Китаец задумался. Остальные арестанты из уважения к нему притихли.
— Я и то думаю, — произнес наконец Китаец, — а с чего это тебя твои же менты к нам на убой сунули. Не прокладка ли это? Ты вот про людей спрашивал. А сам кого из людей знаешь?
Крюков пожал плечами:
— Есть у меня два друга. С детства с ними корешился. Один, вроде, завязал, Лях его погоняло. А другого, слышал, откороновали.
— Как его дразнят? — спросил смотрящий.
— Графом.
Смотрящий прикрыл глаза. На веках у него было наколото: «Не будить до звонка».
— Ляха я знал. Правильный вор, с понятиями. Жалко, если он в завязке. А с Графом нас на Соликамской разворовке прессовали. С тех пор я кровью харкаю. Да…
Старый вор наклонился, взял трубку мобильника и набрал по памяти номер. Подождал немного, потом спросил.
— Граф, ты что ли? Ну. здорово, родной! Китаец тебя «на голосовую» вызывает.
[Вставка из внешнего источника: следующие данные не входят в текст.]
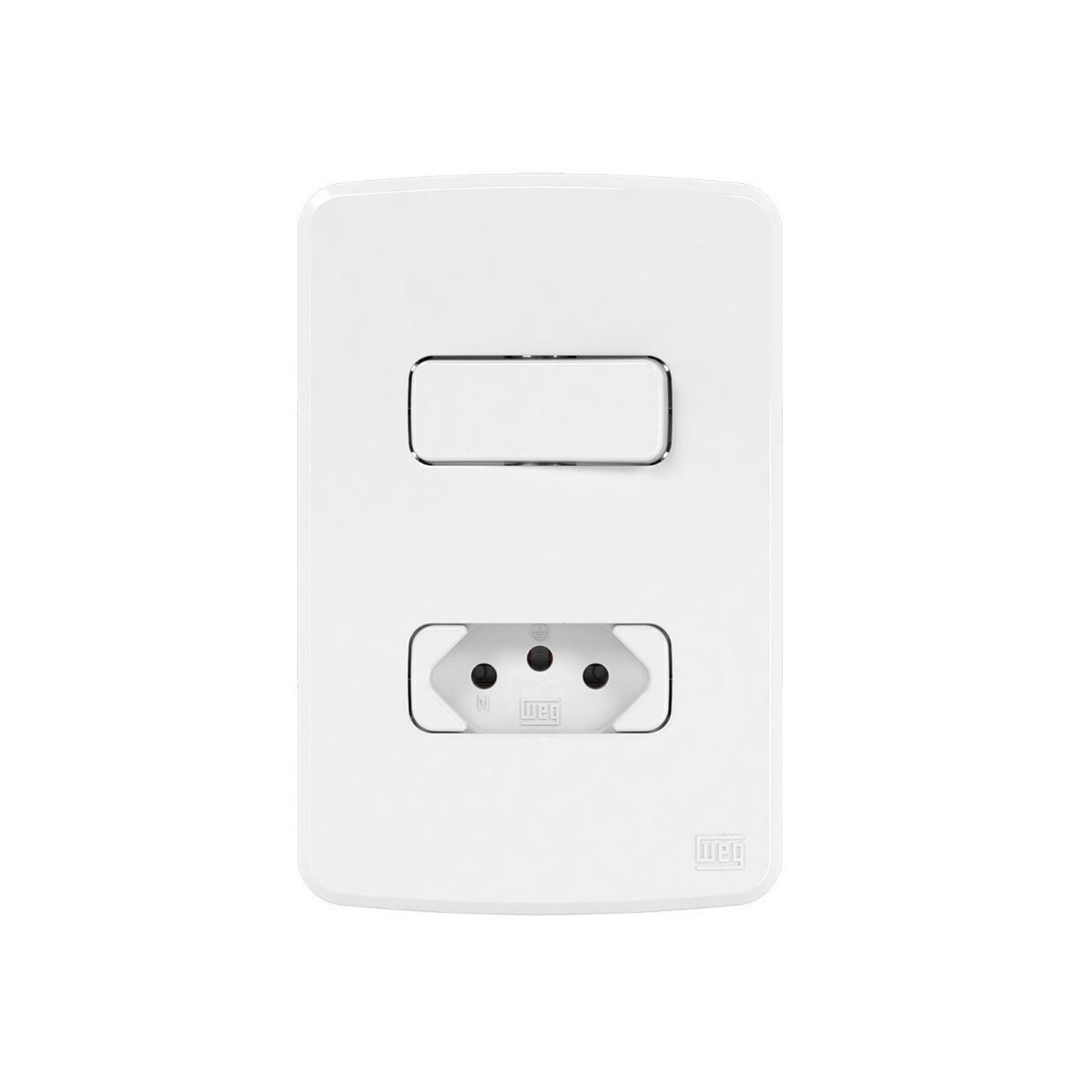 Conjunto 1 Interruptor Paralelo + 1 Tomada 2P+T Distanciados 10A 250V C/Placa 4X2 Branco Compose - Weg - Código Fabricante: 13272554
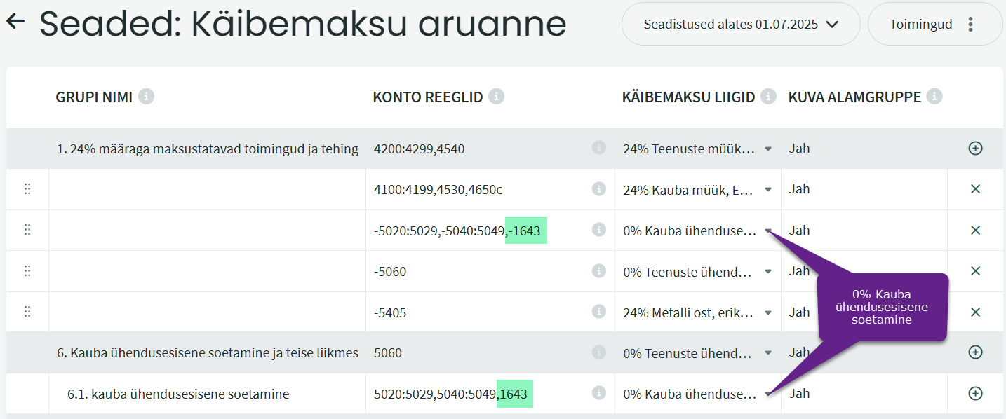 Lisage rea 1 “0% Kauba ühendusesisene soetamine” käibemaksu liigi juurde kontode reeglitesse vajalik lao konto (nt 1643 Ladu – ühendusesisesed ostud). Eraldage konto teistest kontodest komaga, tühikut ärge vahele pange ja konto ette kindlasti miinusmärk.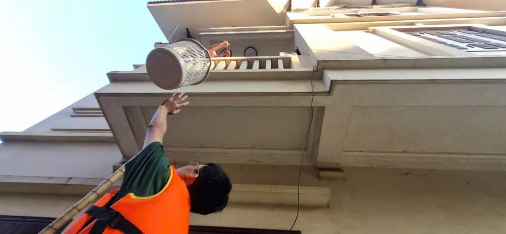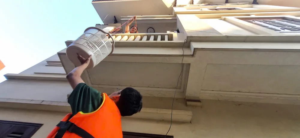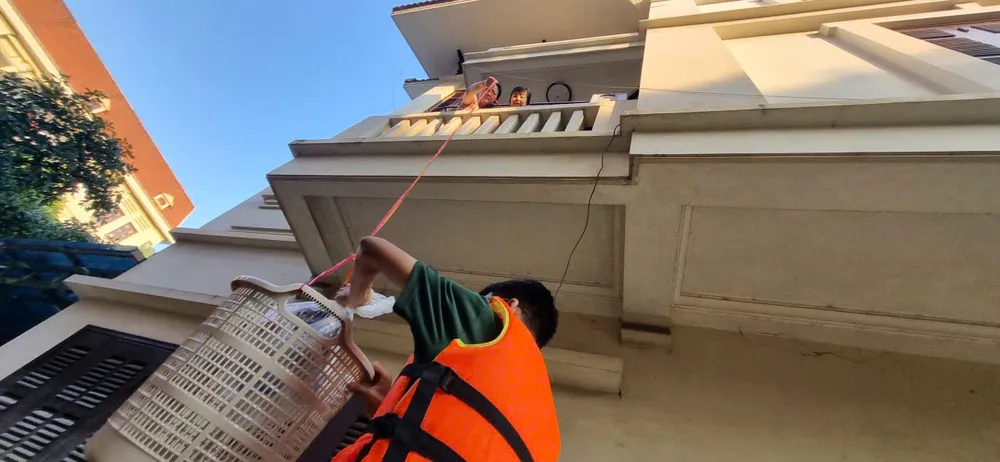 Nhiều căn nhà khóa kín tầng một, chỉ có thể tiếp cận qua ban công tầng hai. Thế là những chiếc rổ nhựa, dây thừng trở thành “cầu nối” để hộp cơm nóng được chuyền lên cao.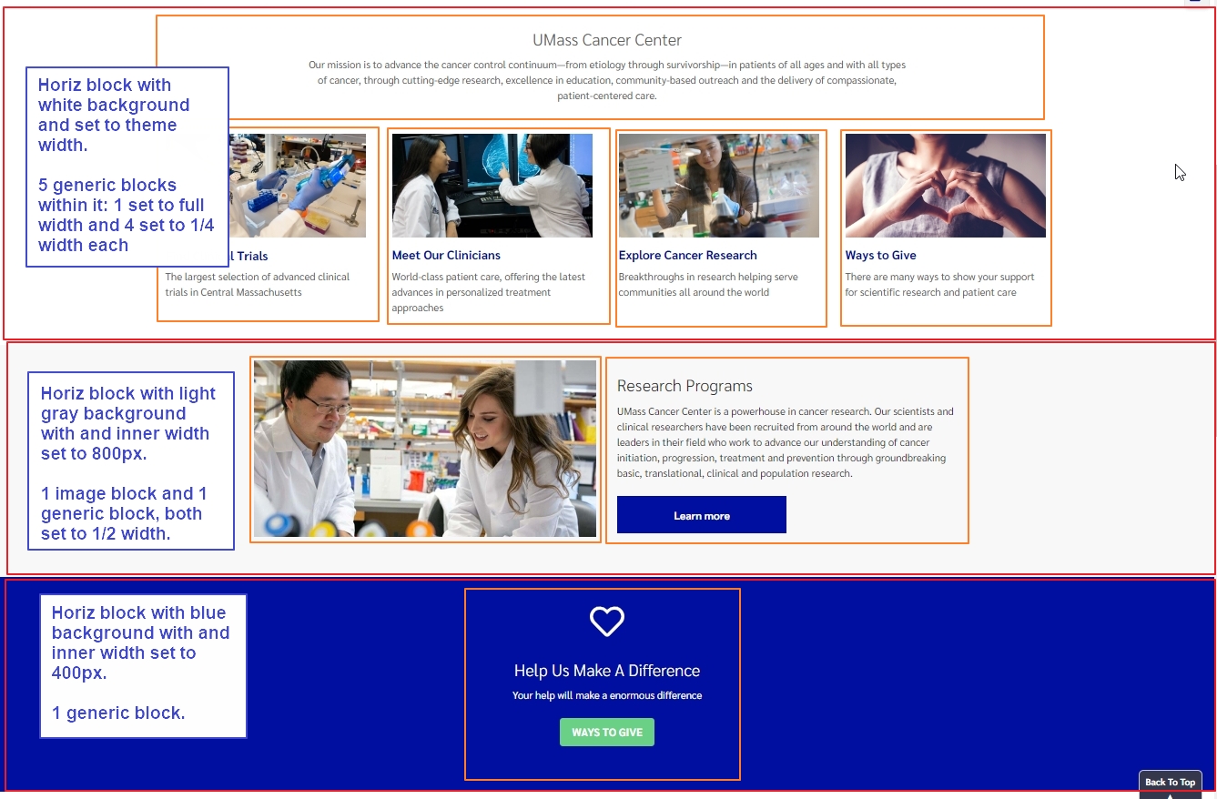 This block is a container for other blocks which allows you to set a background color that extends the full width of the browser. This can be used to help break up the layout and highlight your information. While this block has no text areas itself, you drop other blocks within it. You can drop 1 or many and set the columns widths on each block. You can also set the width of the block area to extend the full width, the theme width as to align with other content on the page, or a width that you can set. Some examples are shown farther below.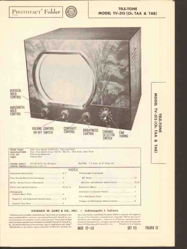 tele-tone model tv-315 tv television receiver sams photofact manual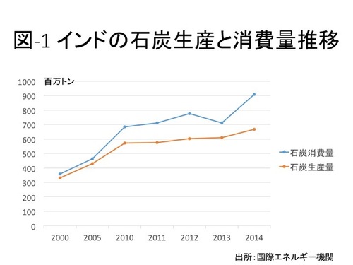 英国は2025年石炭火力全廃の方針をCOP21の前に明らかにしたが、ドイツ環境相もCOP後に2050年石炭火力全廃と述べている。中国、米国、欧州と石炭離れが進んでいるが、本当に石炭の黄金時代は終わったのだろうか。12億2000万の人口のうち2億4000万人の電力供給がない人を抱え、電力不足に悩むインドでは、図-1が示すように、石炭生産量と消費増は増加を続けている。今後も電力需要量は大きく増えるが、インドの気候変動対策は効率目標だから、CO2の絶対量の削減には当分踏み切ることはなく、石炭消費量も増加する。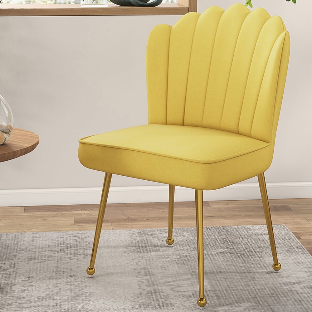 HOMCOM Yellow Shell Luxe Velvet Accent Chair with Gold Tone Metal Legs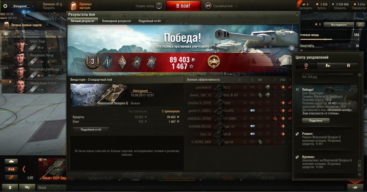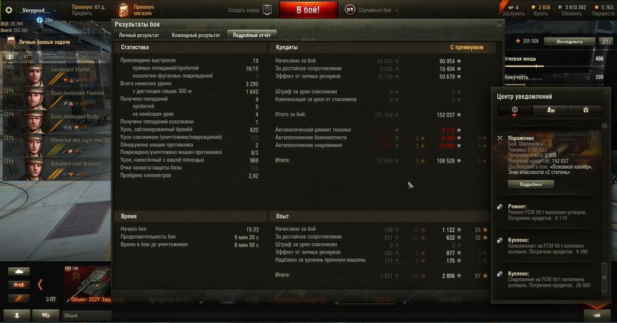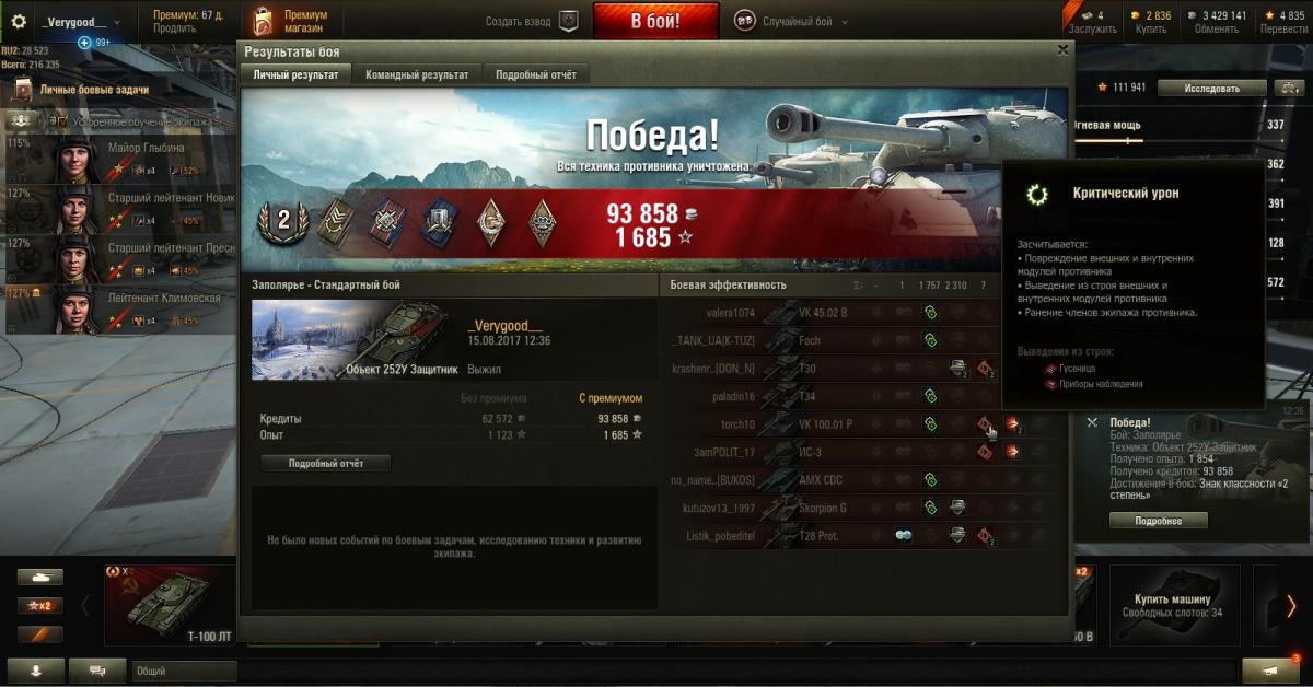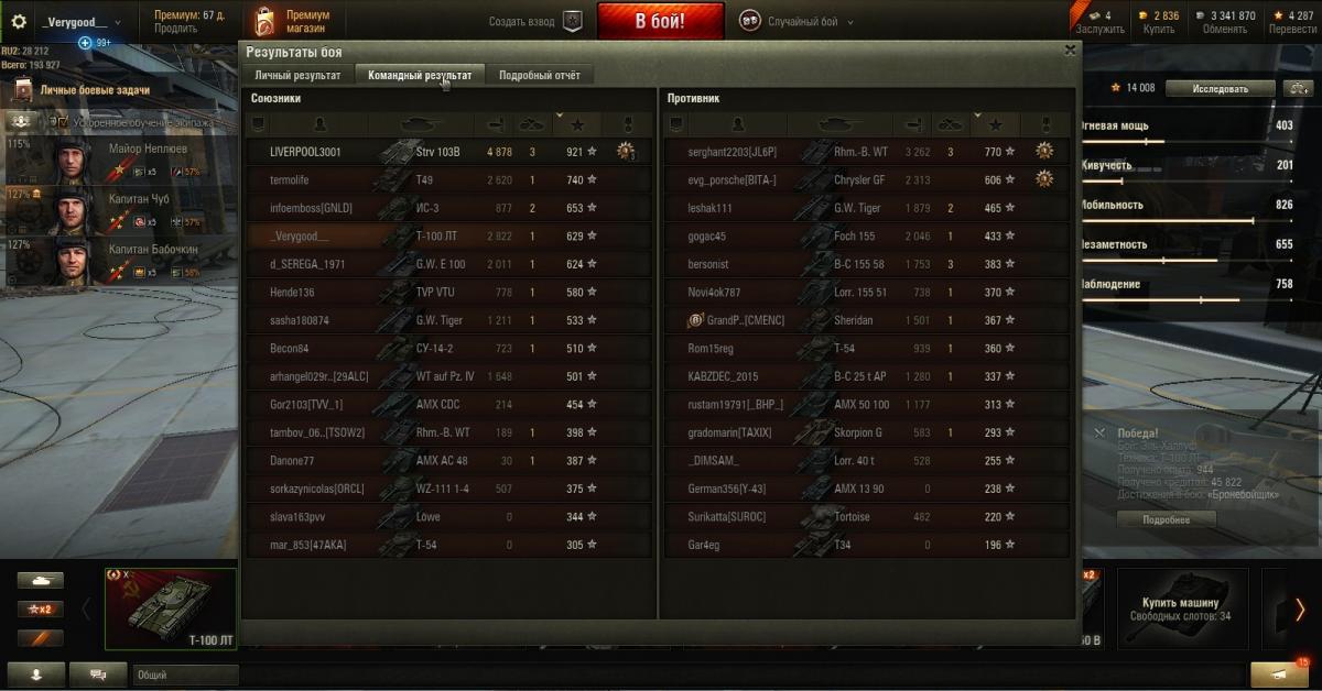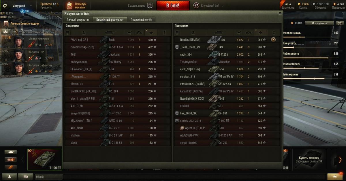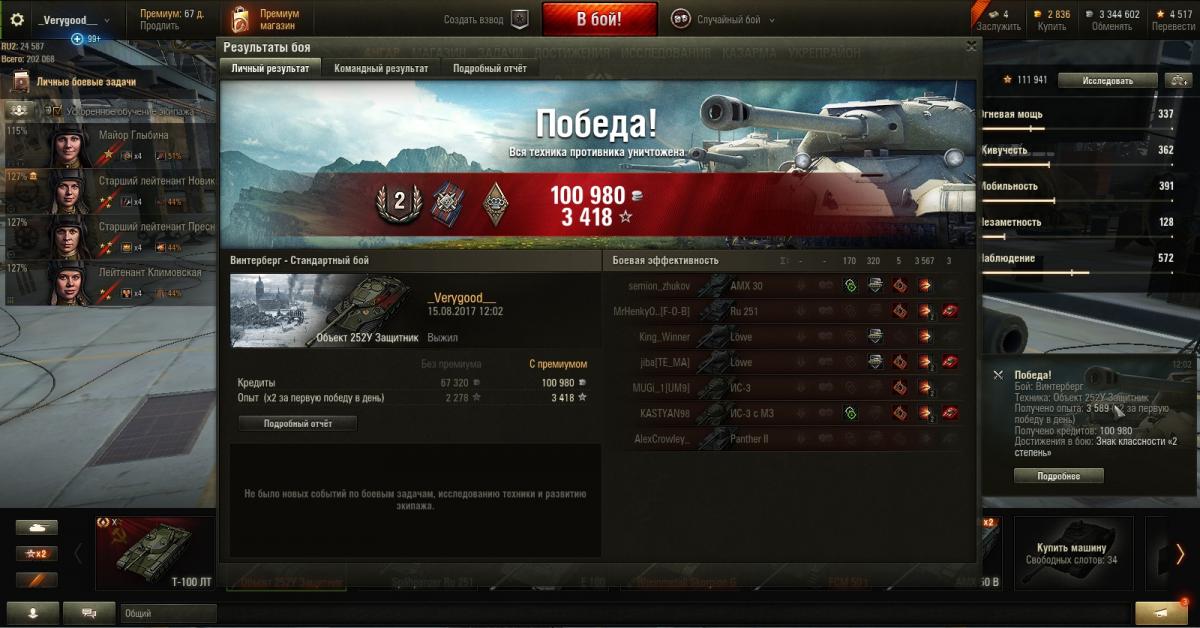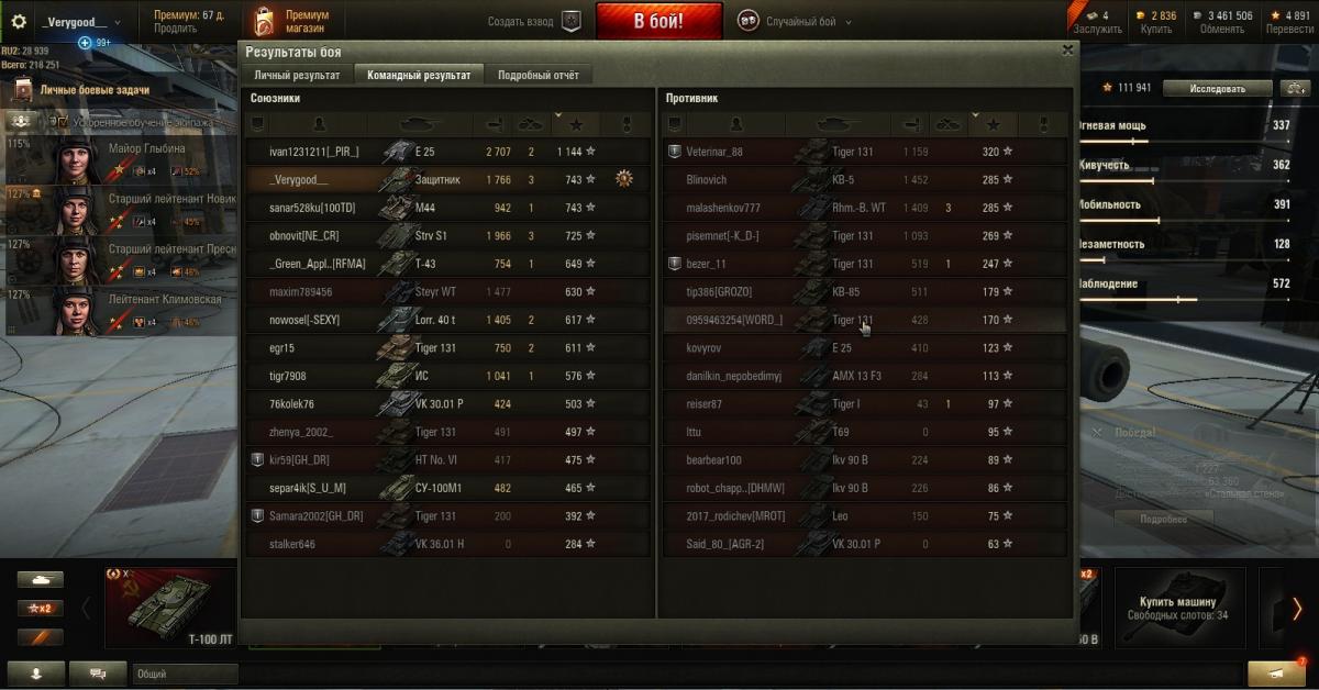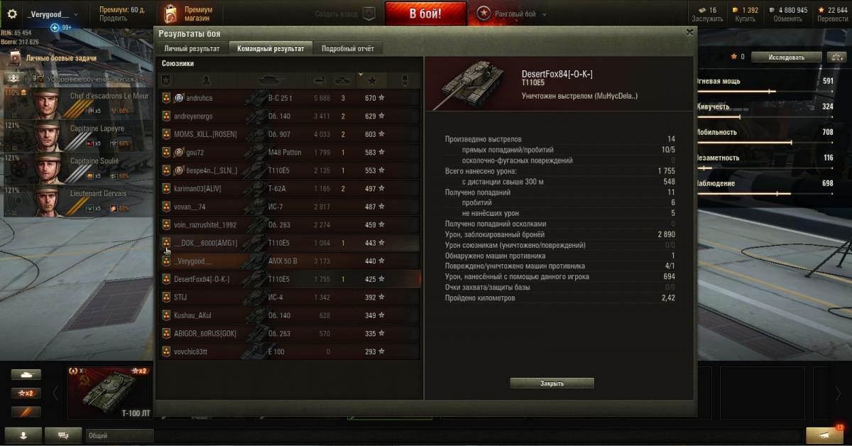 Здравствуйте! Я конечно еще могу понять,что мне дали опыта меньше, чем верхнему т110е5 (хоть и накидал я 3000),но почему нижнему т110е5 дали еще меньше чем мне????Нижний то был более эффективен в бою,чем верхний.Или если раковать,то тебе больше опыта дают????Но если конечно все в пределах нормы,тогда слов нету......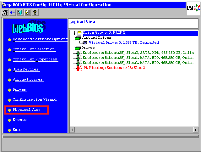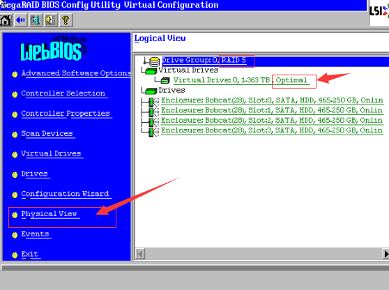 进入WebBIOS主页,发现一块硬盘显示红色PD Missing状态,同时阵列降级变成了蓝色Degraded状态,此时数据还是可用的,点击【Physical View】进入物理视图。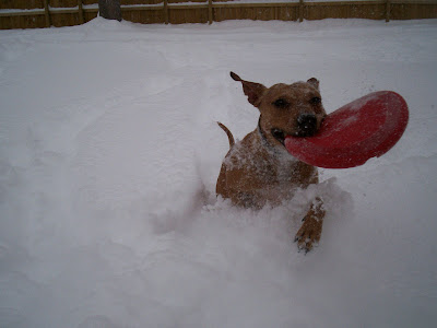 This is a picture of last winter. Nina going nuts for the Frisbee in fresh powder.

Не забыл, как в кандее загибались? Ну, как там на воле? Мне ее. видно, уже не нюхать, дохожу, брат. Тут со мной однокрытник один нары полирует, говорит, знает тебя. Крюковым дразнится… Так… Ясно, братуха. Ну, бывай, все длинно. Может и свидимся.
Смотрящий убрал трубку и обвел камеру пристальным взглядом.
— Так вот, урки, слушайте такой базар. За этого мусорка сам Граф мазу тянет. Кто ему предъявит — тот беспредельщик со всеми вытекающими. Вопросы есть?
— А на общак твой мусорок отстегнуть собирается или он ждет, что его профсоюз кормить будет? — подал голос молодой, крепкий арестант, похожий на Немцова.
— Да нет вопросов, — рассмеялся Крюков. — Я бы сразу отстегнул, да в непонятке был. Может, западло посчитаете ментовской грев принять.
Смотрящий глухо прокашлялся. У него определенно был туберкулез в тяжелой форме.
— Если от чистого сердца, то и от мента не западло. Бабок нам твоих не надо, братва нам еще на пересылке грев подогнала. А вот скажи, штанов тебе для общества не жалко? Тут ведь ни в одной розетки нет, чаю заварить не на чем. Специально, шакалы, такую хату оборудовали, чтобы нашего брата-терпигорца посильнее щемить. А без чая, сам знаешь, арестанту не выжить. Полотенца-то мы уже все пожгли, а на твоих джинсах чифирь заварить — полный марафет будет.
— Эх, где наша не пропадала, — вздохнул Крюков. — Треники хоть какие найдете? — и принялся расстегивать пуговицы на юбилейных «левисах».
— Зачем треники? Вот, гляди, твой размер!
Молодой вор протягивал ему черные, судя по всему очень дорогие брюки. Пощупав их, Крюков сразу понял, что из такого материала может шить только Армани.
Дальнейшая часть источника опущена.